Georgia governor Sonny Perdue, a former veterinarian, on May 6, 2008 signed into law a bill criminalizing attendance at a dog fight, breeding dogs to fight, or possessing a dog with the intention of having it fight. The bill received a publicity boost from the 2007 dogfighting-related arrest and conviction of former Atlanta Falcons quarterback Michael Vick, acknowledged Best Friends Animal Society chief executive Paul Berry. Associated Press writer Shannon McCaffrey credited Best Friends with helping to write the new law. Vick "certainly helped us put it over the goal line," agreed Georgia state senator Chip Rogers, the bill sponsor.
PETA littering convictions overturned in N.C.
RALEIGH -- The North Carolina Court of Appeals on April 15,
2008 overturned the February 2007 littering convictions of former
PETA employees Adria J. Hinkle and Andrew B. Cook.
Hinkle and Cook, who then worked for PETA, were arrested in
June 2005, after a police stakeout in Ahoskie, North Carolina,
caught them in the act of disposing of dog and cat carcasses in a
supermarket dumpster.
Judge Rick Elmore wrote for the three-judge appellate panel
that while the defendants' actions leading to the conviction were
undisputed, the prosecution failed to prove that the supermarket
dumpster where Hinkle and Cook left the remains was an illegal place
to dispose of them.
Trial testimony established that PETA has for approximately
seven years collected and killed animals from North Carolina shelters
and animal control agencies.

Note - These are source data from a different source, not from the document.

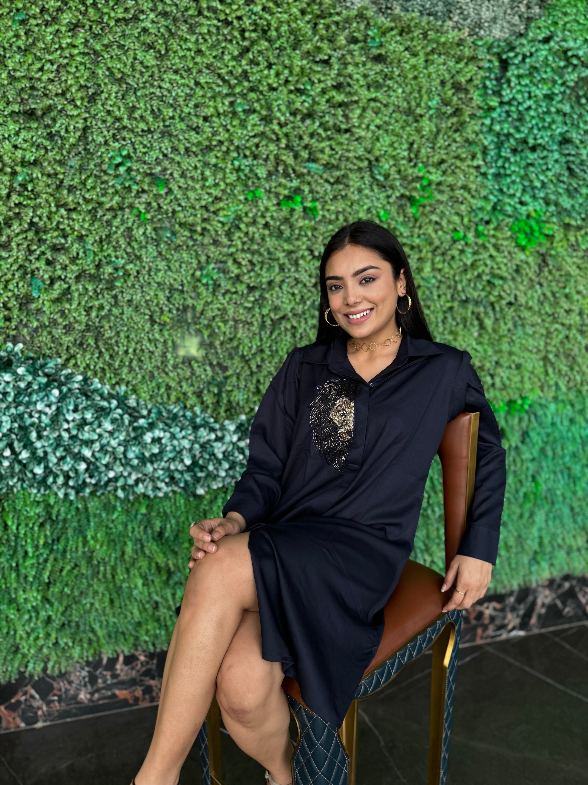 Colour: Blue knee length dress embroidered with the face of a lion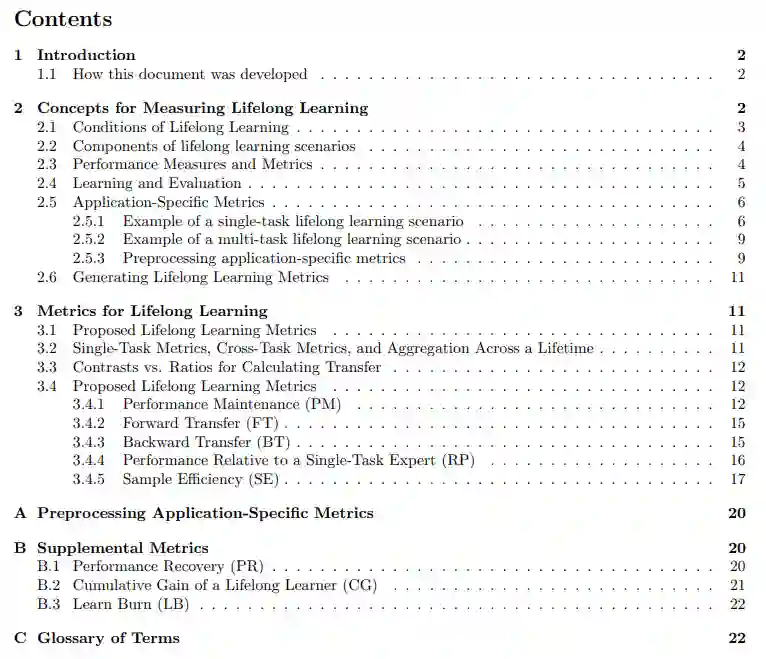 在第2节,我们介绍了终身学习情景的一般形式。这需要指定智能体可能接触到的不同类型的经验,以及应该从这些经验中产生什么指标。在第2.1节中,我们简要地概述了智能体展示终身学习的标准。在第3节中,我们定义了一套衡量标准,以描述智能体在特定场景下表现出的终身学习的程度。诸如[4, 7, 24]等资料中的讨论也有助于为终身学习背后的思想打下基础。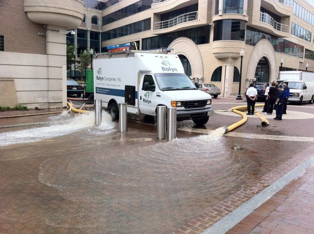 Photo by Jim Webb.- As you can see from the image above, work is still being done to clean out the Washington Harbour in Georgetown. Farmers and Fishers, one of the restaurants affected, said via Twitter that they are “working hard to get water out so we can re-open soon”; Tony and Joe’s looks to have taken it the hardest. Jonathan O’Connell, meanwhile, shares a photo of what the Harbour’s flood gates look like when they’re fully installed (compare that to our photos earlier).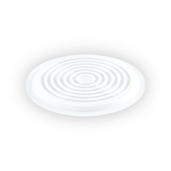 Die Fokuslinse kann für die Hallenleuchte HBM6520025 verwendet werden. Die originale Glasscheibe der Leuchten wird hierbei durch die Fokuslinse ersetzt, wodurch der Ausstrahlwinkel von 120° auf 60° reduziert wird. Somit ist eine fokussiertere Beleuchtung bestimmter Bereiche oder Objekte möglich.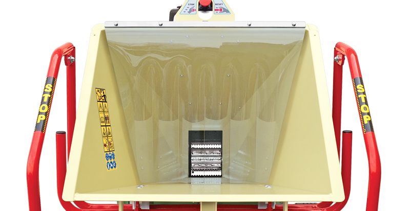 Gewährleistet die Sicherheit des Bedieners, indem der zufällige Auswurf von Hackgut in seine Richtung verhindert wird.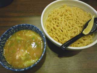 つけだれは、茶色強濁のとんこつ魚粉しょうゆ味で、魚粉は鰹節、とんこつダシの味が濃厚なもの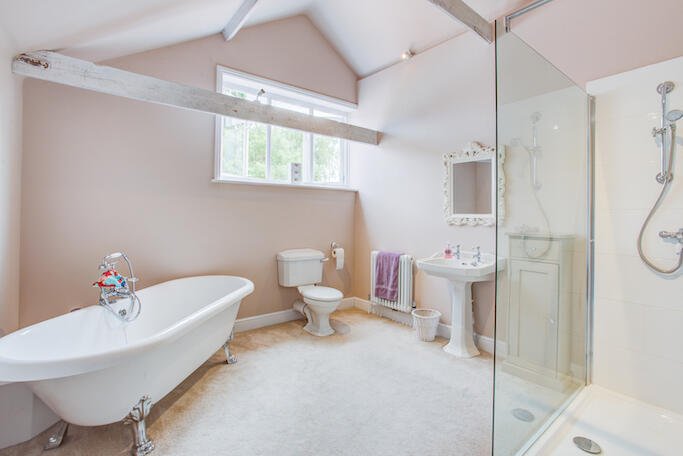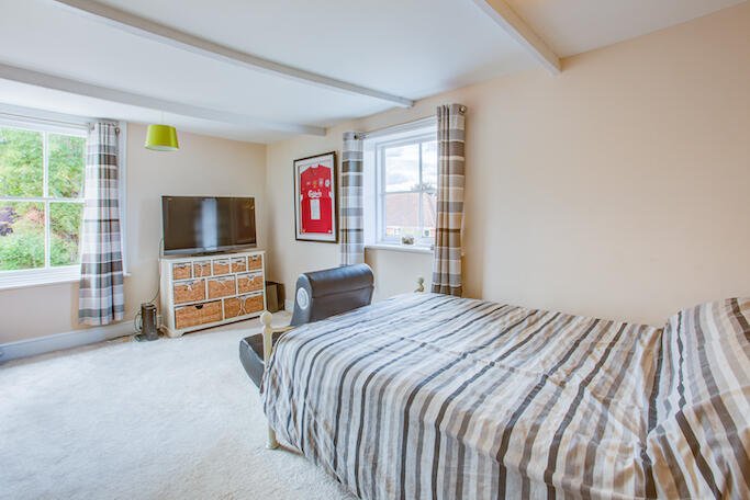 The main bedroom is of an exceptional size with exposed beams, en-suite bathroom and walk in wardrobe. The second bedroom is a double and has an en-suite shower room. There are 3 other double bedrooms all leading off the landing. There is also a family bathroom with shower and bath.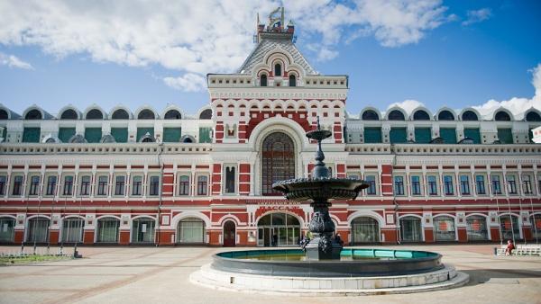 Нижегородская ярмарка действовала ежегодно в июле — августе. В 1818—1822гг. построен Гостиный двор из 60 двухэтажных строений. Главный торговый двор ярмарки был отстроен заново в 1890г. по проекту архитекторов К. Треймана, А. Фон - Гагена, и А. Трамбицким. В нем помещаются во время ярмарки квартира губернатора и его канцелярия, ярмарочная контора и комитет, отделение государственного банка и пр.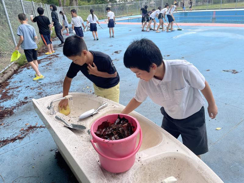今日はプール掃除を行いました。5年生は、更衣室や手洗い場、シャワー、プールサイドを担当しました。1年間分の汚れをとるために、時間いっぱい一生懸命掃除をしていました!みんなのために頑張る姿がとても素敵でした!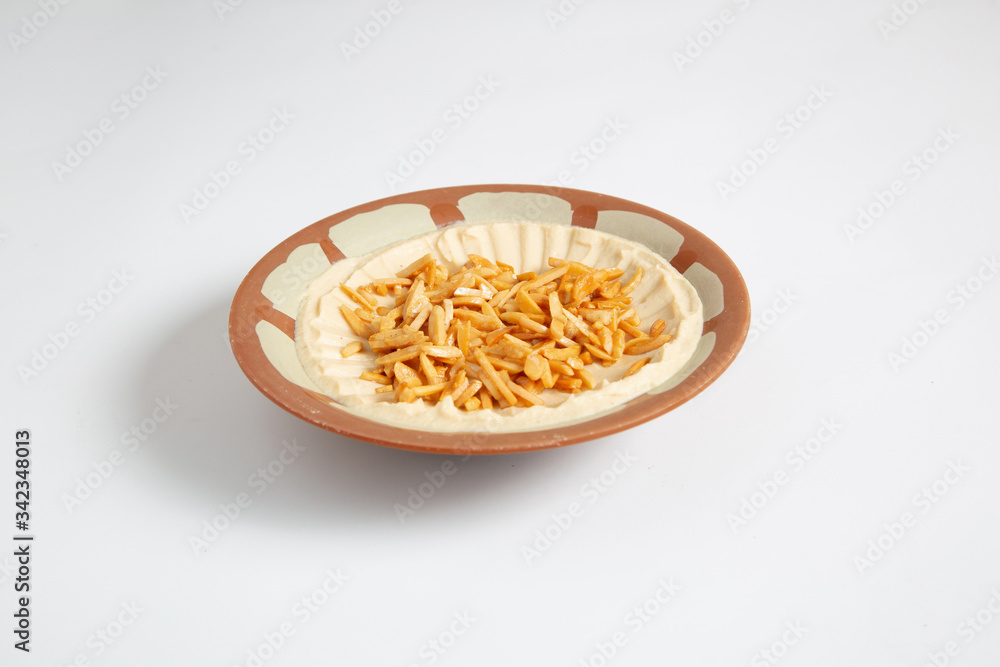 Horizontal image of Hummus meal put on plate with white background.

Usually the animals' remains are taken
to the PETA headquarters and cremated, but Hinkle acknowledged that
on several occasions she disposed of animal remains in the
supermarket dumpster where she and Cook were arrested.
"They had faced 21 charges of felony animal cruelty, seven
counts of littering, and three counts of obtaining property by false
pretenses," summarized Lauren King of the Virginian-Pilot.
"Superior Court Judge Cy Grant reduced the charges to eight
misdemeanors before the jury began to deliberate. He said the state
failed to prove malice and any specific motive, necessary elements
for the felony charges. He also dropped the three charges of
obtaining property by false pretenses against Cook."
Hinkle and Cook were acquitted of misdemeanor animal cruelty.